> TASK
Using the listing below, set down exactly the lines from the one that contains "明天涨停,我说的,今天主力净" through the one that contains "Pesya wurde in", with no pictures.

> DATA SECTION
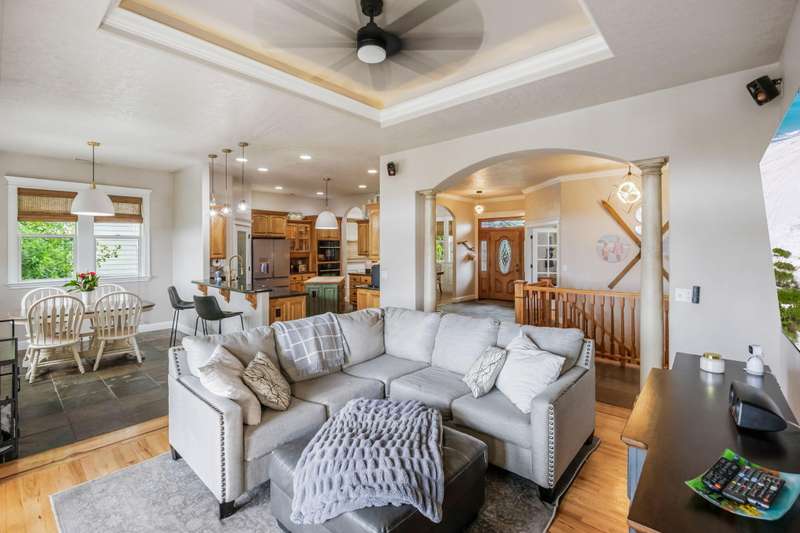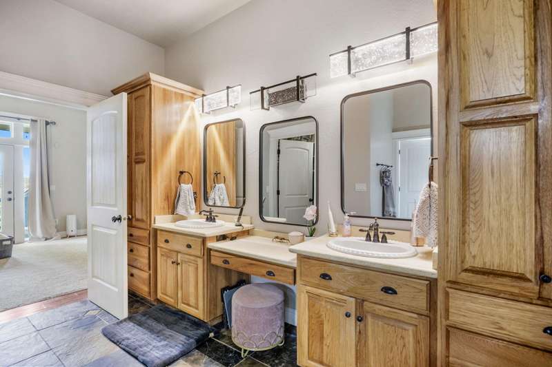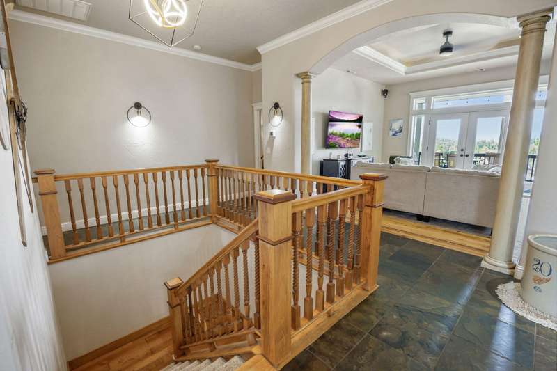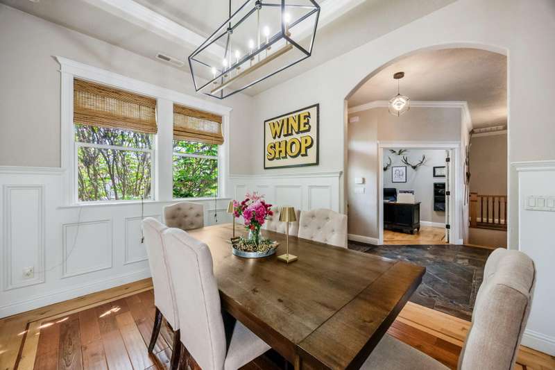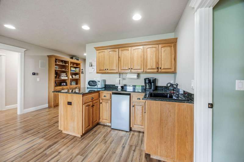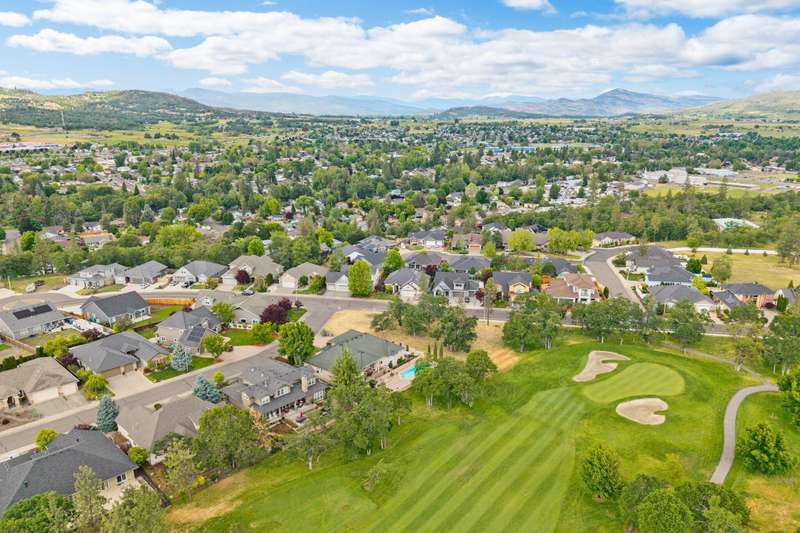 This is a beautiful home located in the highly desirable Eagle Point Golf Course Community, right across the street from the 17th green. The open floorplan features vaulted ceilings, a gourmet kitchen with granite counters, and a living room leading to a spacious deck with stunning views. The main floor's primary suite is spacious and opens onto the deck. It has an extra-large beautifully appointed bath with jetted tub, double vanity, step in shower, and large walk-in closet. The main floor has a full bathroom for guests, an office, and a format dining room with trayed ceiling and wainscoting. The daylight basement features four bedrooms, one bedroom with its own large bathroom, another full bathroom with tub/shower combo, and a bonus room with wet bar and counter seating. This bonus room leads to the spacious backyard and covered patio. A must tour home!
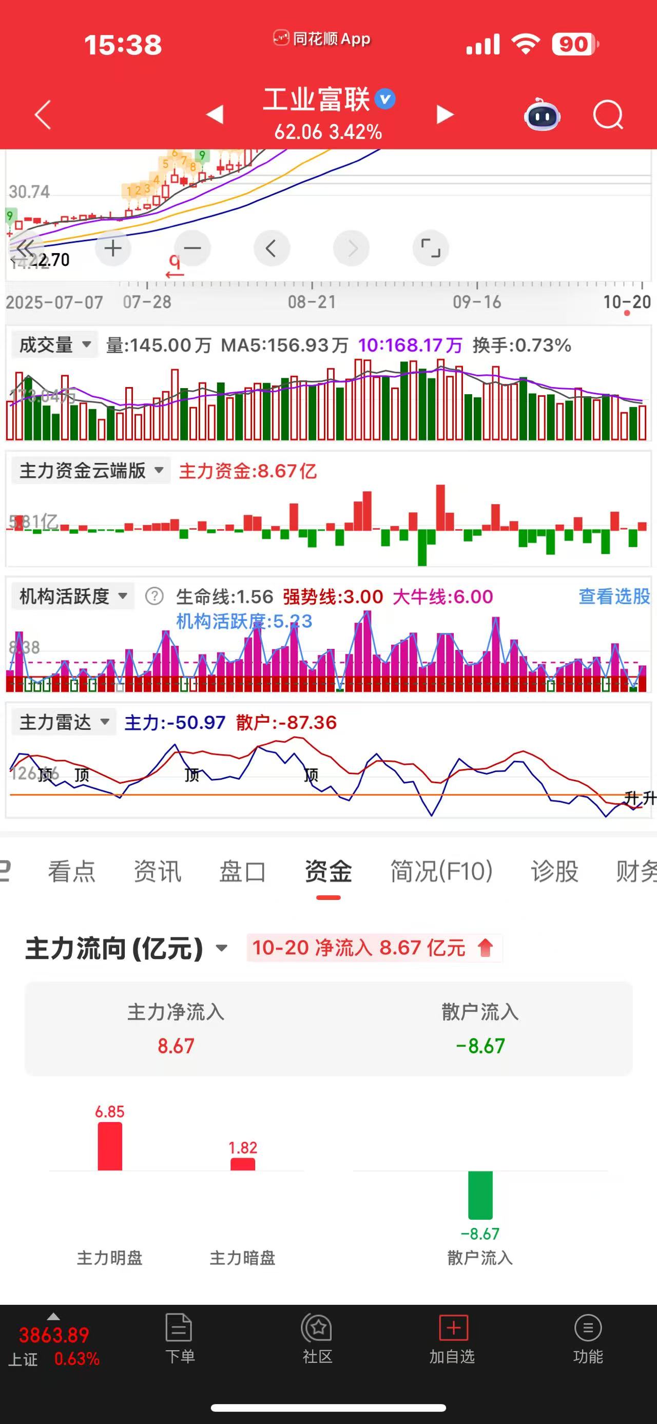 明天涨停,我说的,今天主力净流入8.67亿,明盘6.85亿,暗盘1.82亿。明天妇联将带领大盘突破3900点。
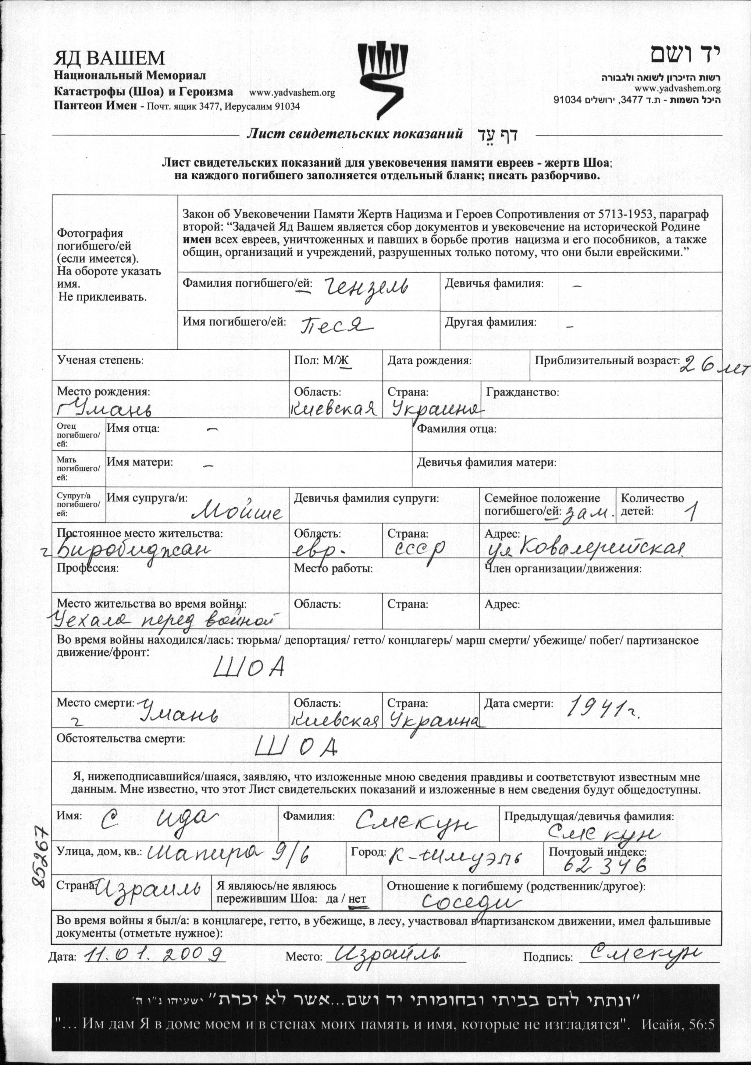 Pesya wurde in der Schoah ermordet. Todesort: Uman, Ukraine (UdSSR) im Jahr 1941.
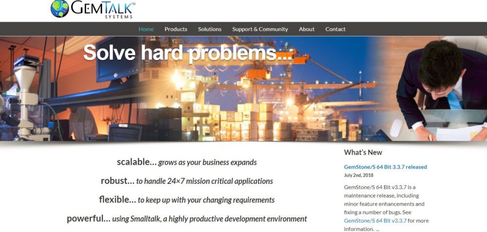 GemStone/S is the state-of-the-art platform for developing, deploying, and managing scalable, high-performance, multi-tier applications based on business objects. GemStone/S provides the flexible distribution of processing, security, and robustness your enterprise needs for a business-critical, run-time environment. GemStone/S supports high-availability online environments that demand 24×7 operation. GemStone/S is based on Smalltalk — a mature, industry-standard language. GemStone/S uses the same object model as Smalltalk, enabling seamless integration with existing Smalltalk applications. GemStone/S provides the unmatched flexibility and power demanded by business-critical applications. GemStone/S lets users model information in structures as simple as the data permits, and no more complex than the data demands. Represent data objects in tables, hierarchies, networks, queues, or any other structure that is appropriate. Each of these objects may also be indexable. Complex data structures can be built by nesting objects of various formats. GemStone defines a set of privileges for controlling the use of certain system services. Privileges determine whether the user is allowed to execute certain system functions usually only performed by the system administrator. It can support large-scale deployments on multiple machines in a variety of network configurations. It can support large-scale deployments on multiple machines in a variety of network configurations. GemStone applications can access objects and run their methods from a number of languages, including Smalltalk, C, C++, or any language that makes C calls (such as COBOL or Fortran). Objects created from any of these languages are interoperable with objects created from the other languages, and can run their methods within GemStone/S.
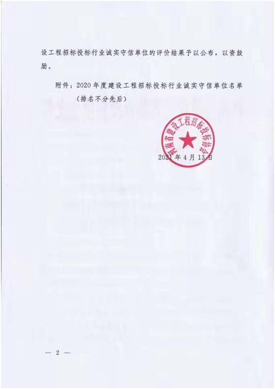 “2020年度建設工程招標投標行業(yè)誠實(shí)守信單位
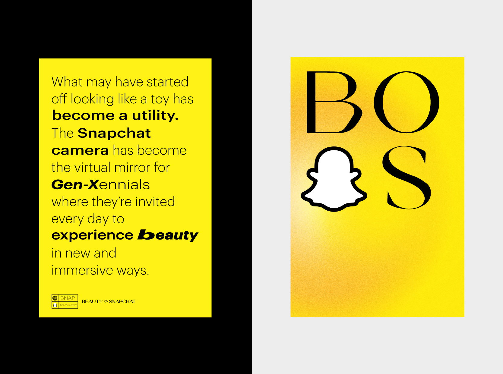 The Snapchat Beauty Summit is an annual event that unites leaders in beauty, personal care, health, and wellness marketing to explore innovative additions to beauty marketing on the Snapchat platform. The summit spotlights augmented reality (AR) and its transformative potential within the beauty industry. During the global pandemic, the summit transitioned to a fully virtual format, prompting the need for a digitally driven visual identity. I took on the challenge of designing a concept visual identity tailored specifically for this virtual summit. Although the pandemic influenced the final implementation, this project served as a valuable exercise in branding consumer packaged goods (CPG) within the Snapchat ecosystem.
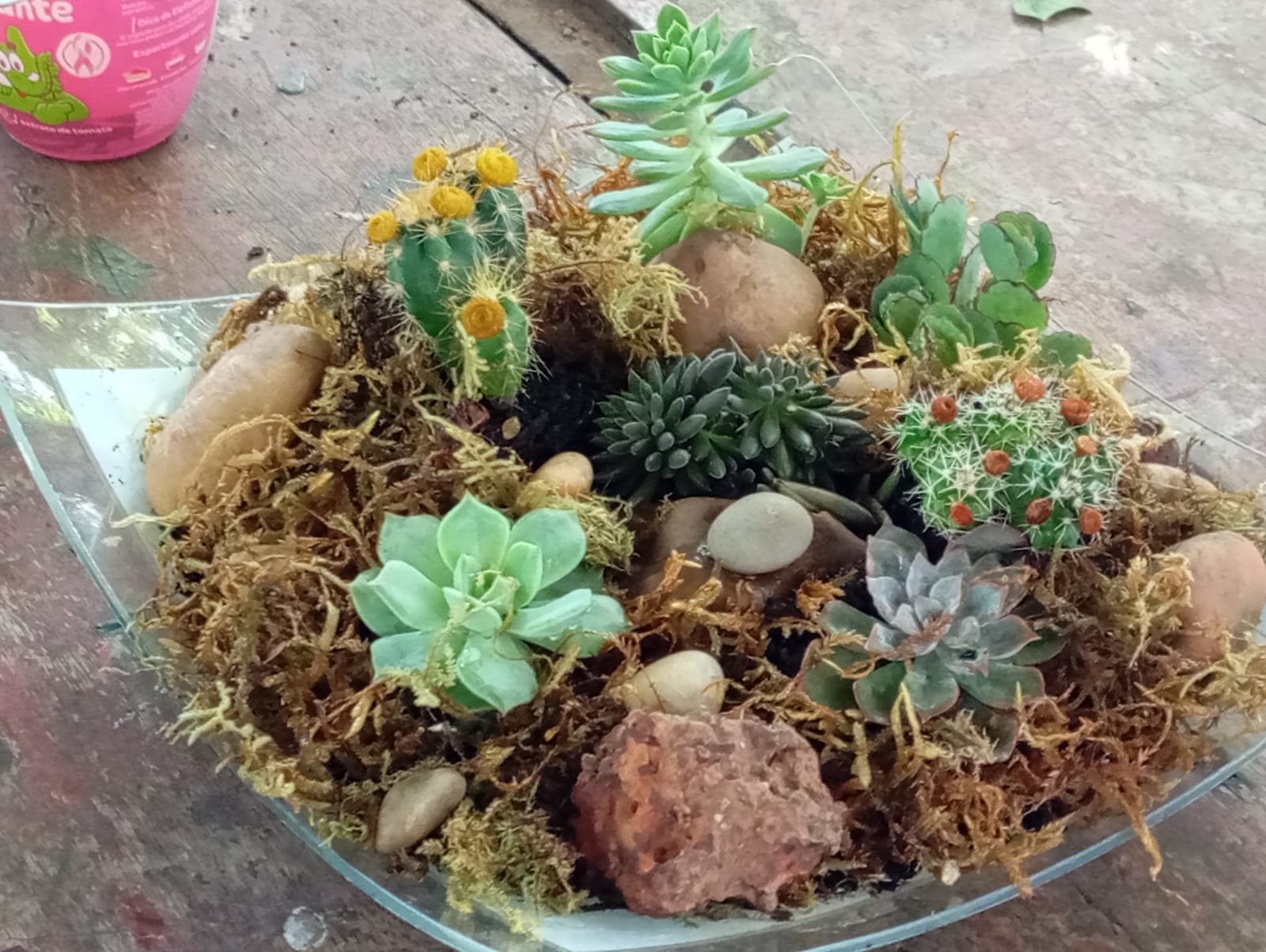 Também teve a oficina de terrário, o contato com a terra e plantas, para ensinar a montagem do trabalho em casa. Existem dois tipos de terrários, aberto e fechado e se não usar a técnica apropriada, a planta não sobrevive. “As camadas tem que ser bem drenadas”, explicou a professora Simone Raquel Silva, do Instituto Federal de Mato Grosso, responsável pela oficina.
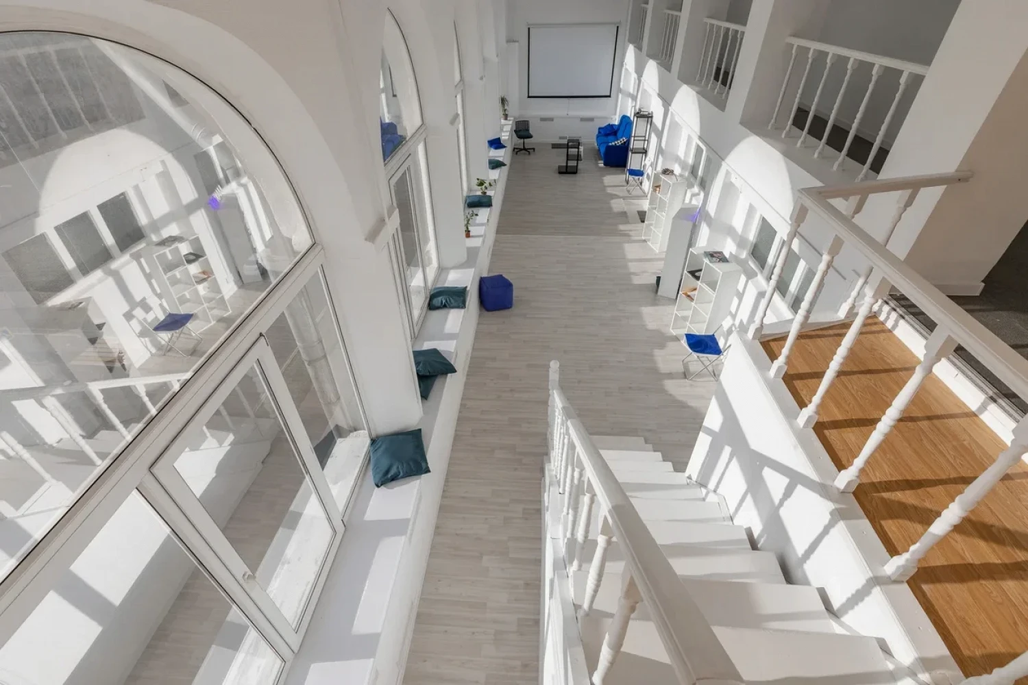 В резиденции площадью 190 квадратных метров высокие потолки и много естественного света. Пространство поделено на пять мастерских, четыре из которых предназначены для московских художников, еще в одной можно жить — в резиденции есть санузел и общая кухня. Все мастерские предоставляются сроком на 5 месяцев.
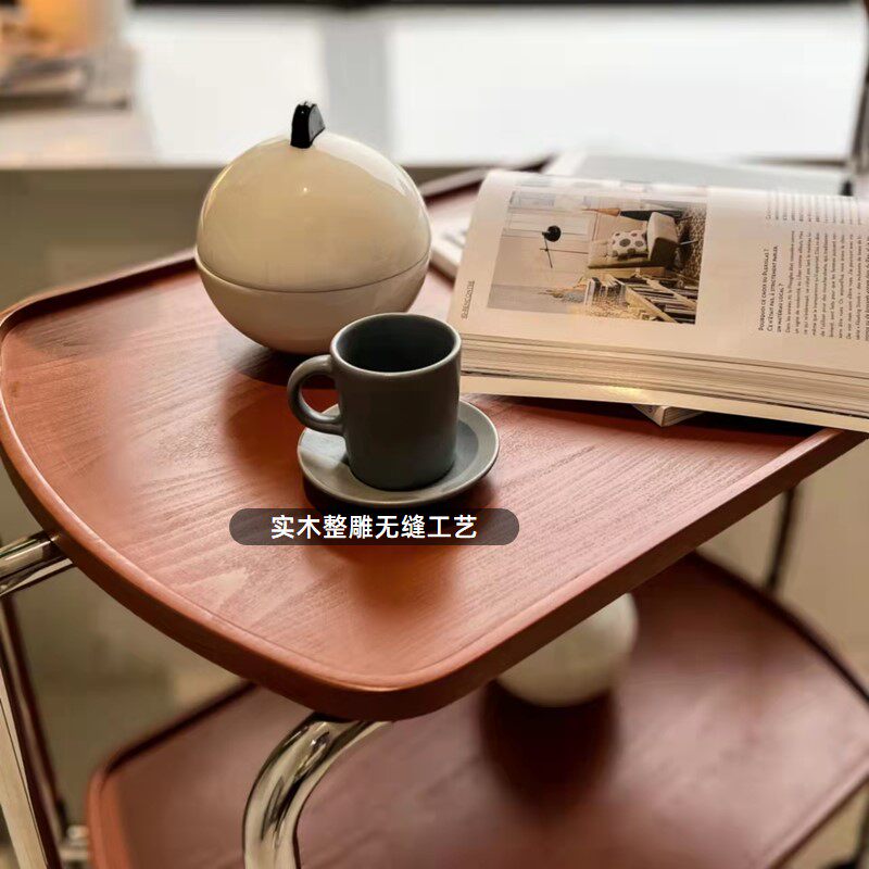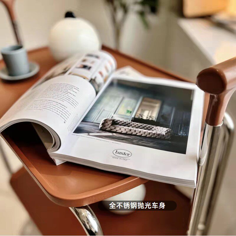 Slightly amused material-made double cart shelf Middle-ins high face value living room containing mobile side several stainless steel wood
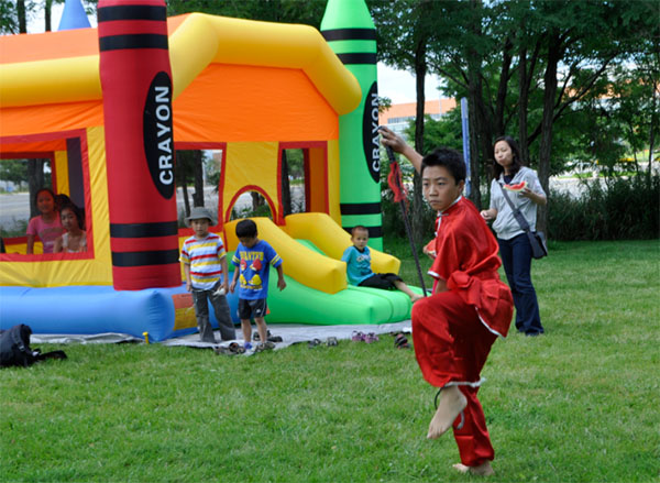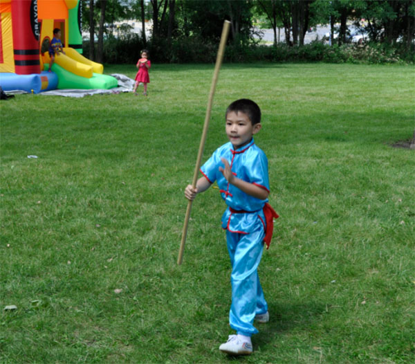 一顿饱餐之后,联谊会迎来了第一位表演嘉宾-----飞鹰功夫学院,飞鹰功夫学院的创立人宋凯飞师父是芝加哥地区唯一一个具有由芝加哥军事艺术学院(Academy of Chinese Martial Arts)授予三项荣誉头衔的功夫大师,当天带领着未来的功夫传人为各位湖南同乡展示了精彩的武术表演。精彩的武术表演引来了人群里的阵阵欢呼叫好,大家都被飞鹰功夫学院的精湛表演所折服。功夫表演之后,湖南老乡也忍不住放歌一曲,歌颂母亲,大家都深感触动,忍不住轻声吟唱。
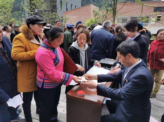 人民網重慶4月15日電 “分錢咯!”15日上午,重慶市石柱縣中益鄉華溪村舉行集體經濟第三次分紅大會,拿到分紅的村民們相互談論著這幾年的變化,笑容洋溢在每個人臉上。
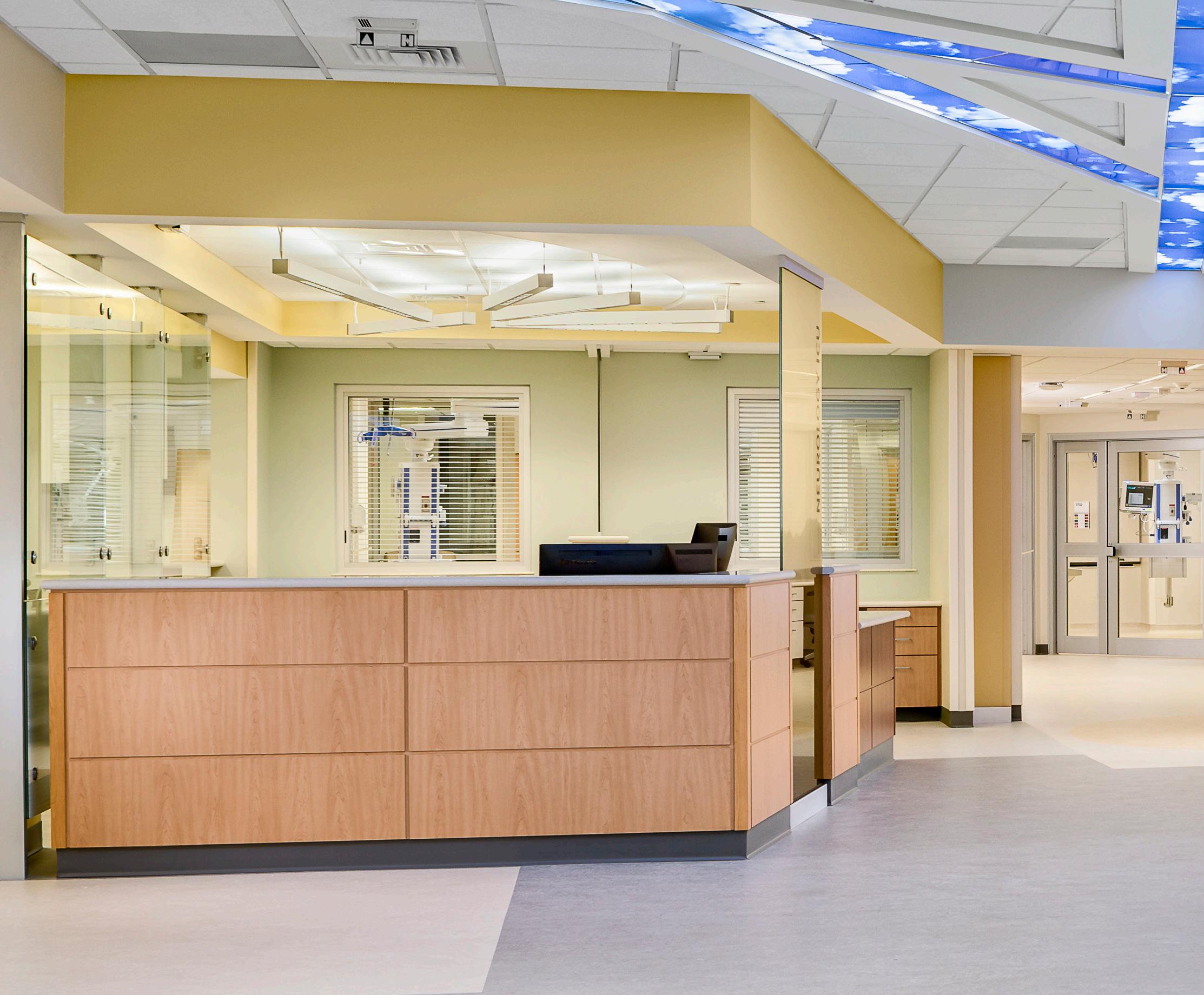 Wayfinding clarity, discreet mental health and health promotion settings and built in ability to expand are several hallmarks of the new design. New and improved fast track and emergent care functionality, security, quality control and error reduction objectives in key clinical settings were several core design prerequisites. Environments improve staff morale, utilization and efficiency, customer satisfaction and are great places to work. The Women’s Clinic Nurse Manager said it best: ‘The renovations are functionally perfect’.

> SOLUTION TO THIS EXERCISE
 明天涨停,我说的,今天主力净流入8.67亿,明盘6.85亿,暗盘1.82亿。明天妇联将带领大盘突破3900点。
 Pesya wurde in der Schoah ermordet. Todesort: Uman, Ukraine (UdSSR) im Jahr 1941.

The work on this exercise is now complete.